Positron : Theoretically predicted 1930 (IIRC), seen in experiment 1934.
Muon : Observed 1948 (?), accepted immediately despite the total overturning of then-current theory. (Granted, this might have something to do with people running out of things to work with.) Some experiments are just obviously unarguable.
Neutral currents : Ah, a complicated one. Theory in 1972 was that 'neutral currents don't exist.' Then they were observed. Then the experimenter found an error. Then a different experimenter saw them too. The original experimenter found an error in his error.

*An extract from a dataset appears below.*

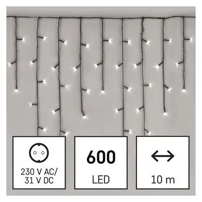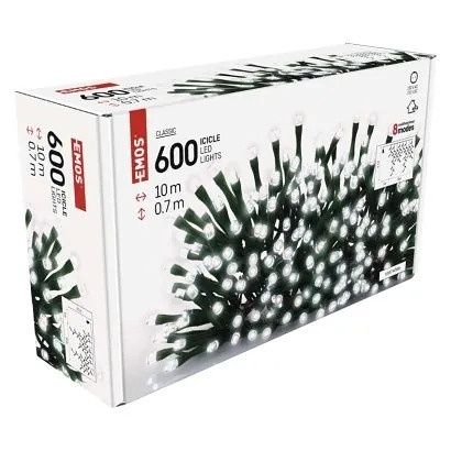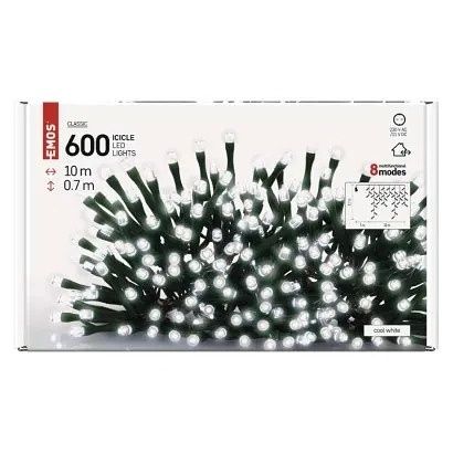 EMOS LED vánoční rampouchy, 10 m, venkovní i vnitřní, studená bílá, programy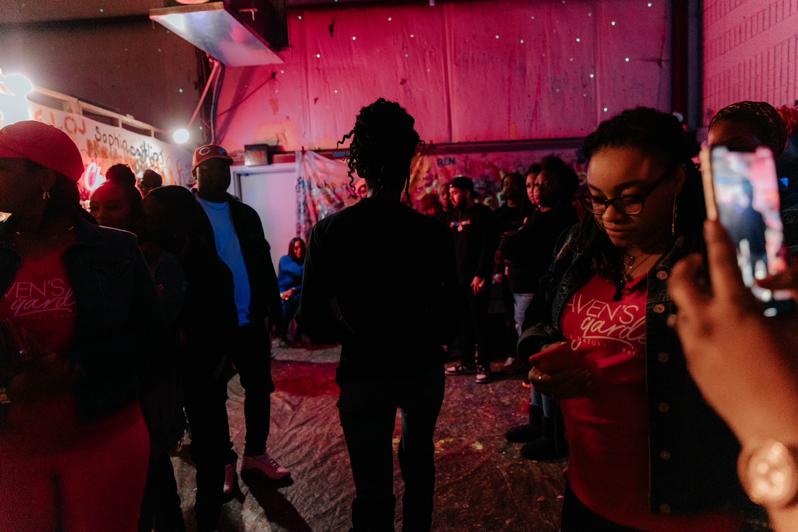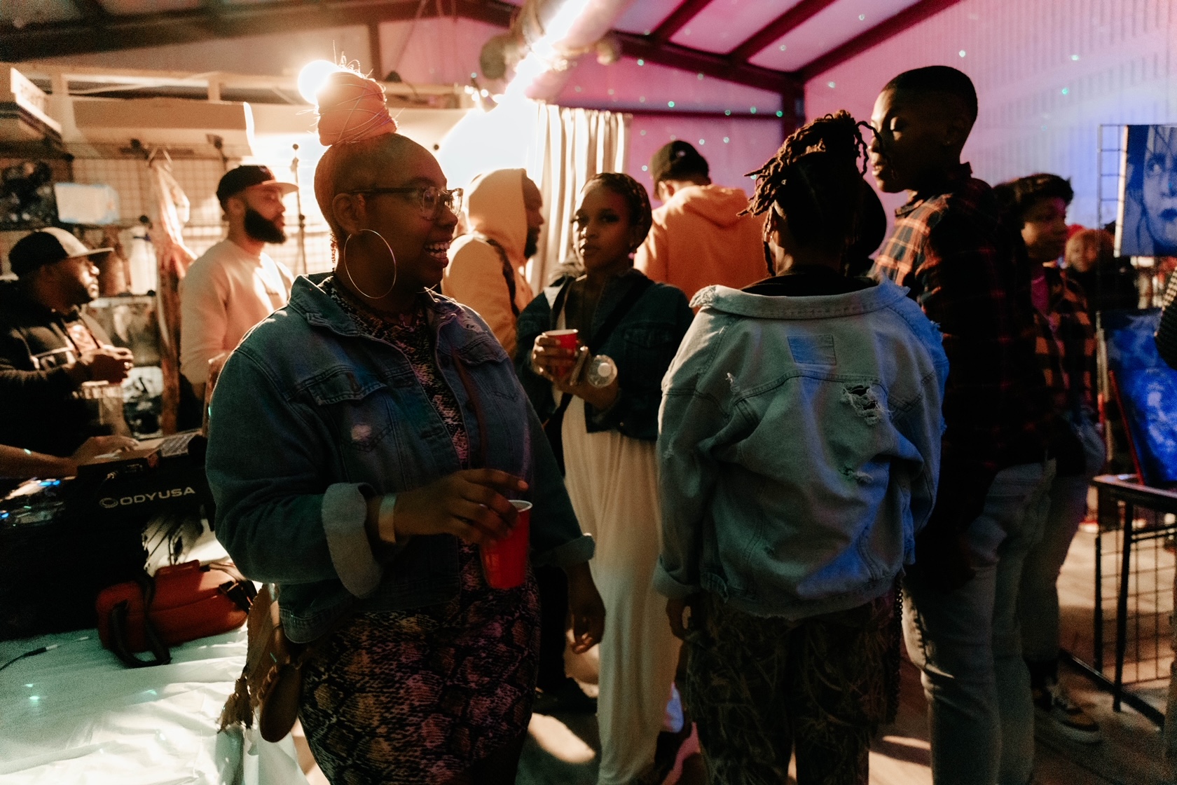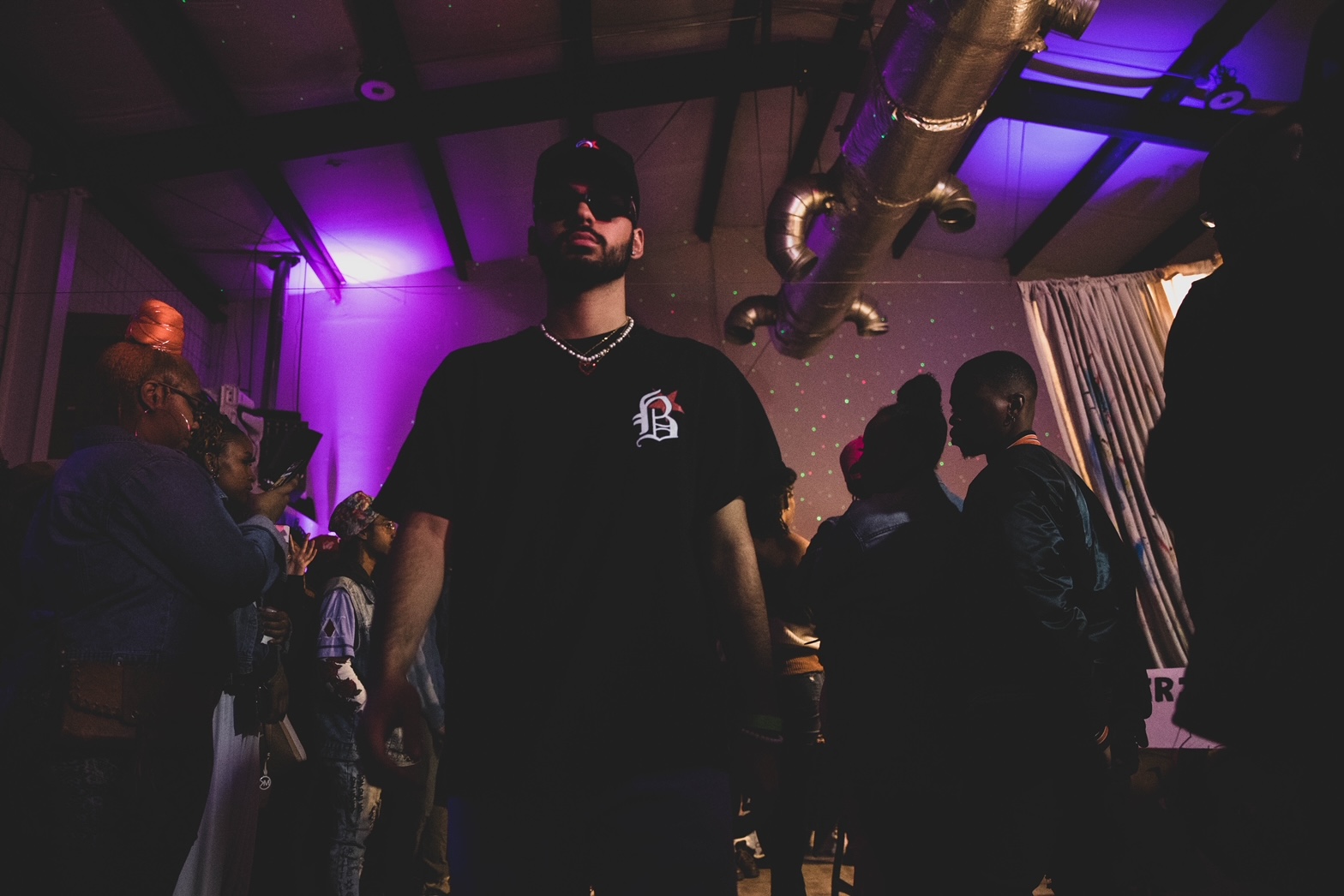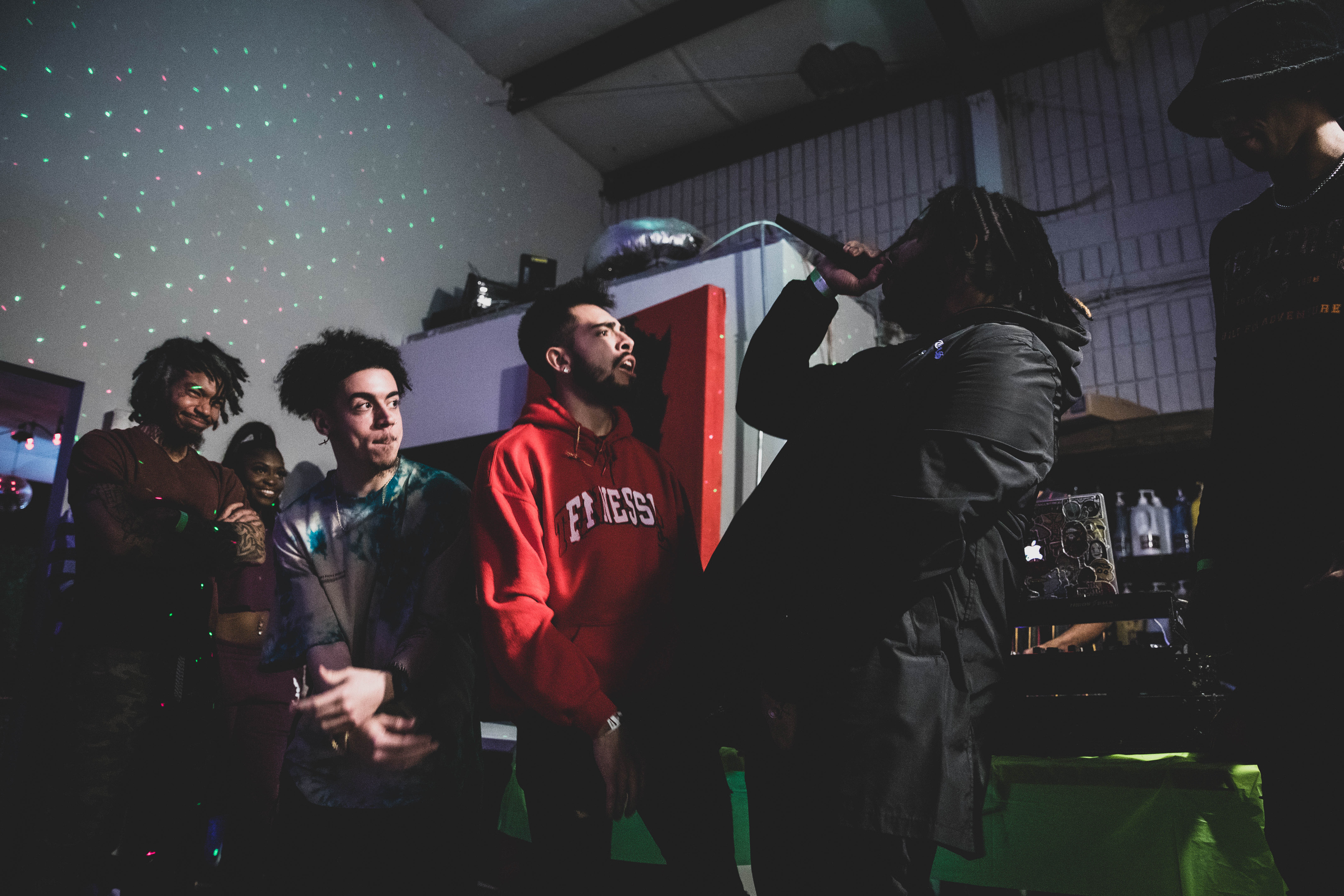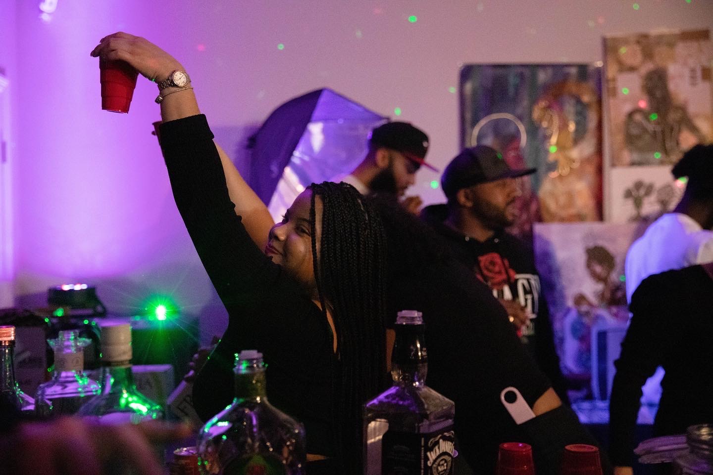 LEDs throughout the space, RGB Up Lights, Strobe Lights, Laser Lights, Black Lights Mounted Throughout Space

In 1975, neutral currents were quite OK as long as they did not change any flavours; the new argument was 'flavour-changing neutral currents don't exist.' And Rubbia was famous for having discovered 'alternating neutral currents.' (Incidentally, these days we know that neutral currents can change flavour, too, but the effect is so small that you need modern accelerators to observe it).
Besides that, wasn't the greenhouse effect once a hotshot new theory itself? Certainly there was a time when most scientists believed that no human action could much affect the ocean or the atmosphere, both being far too big and stable for small perturbations to do anything. I suggest that a theory capable of breaking such a dogma to become a new dogma must have something going for it.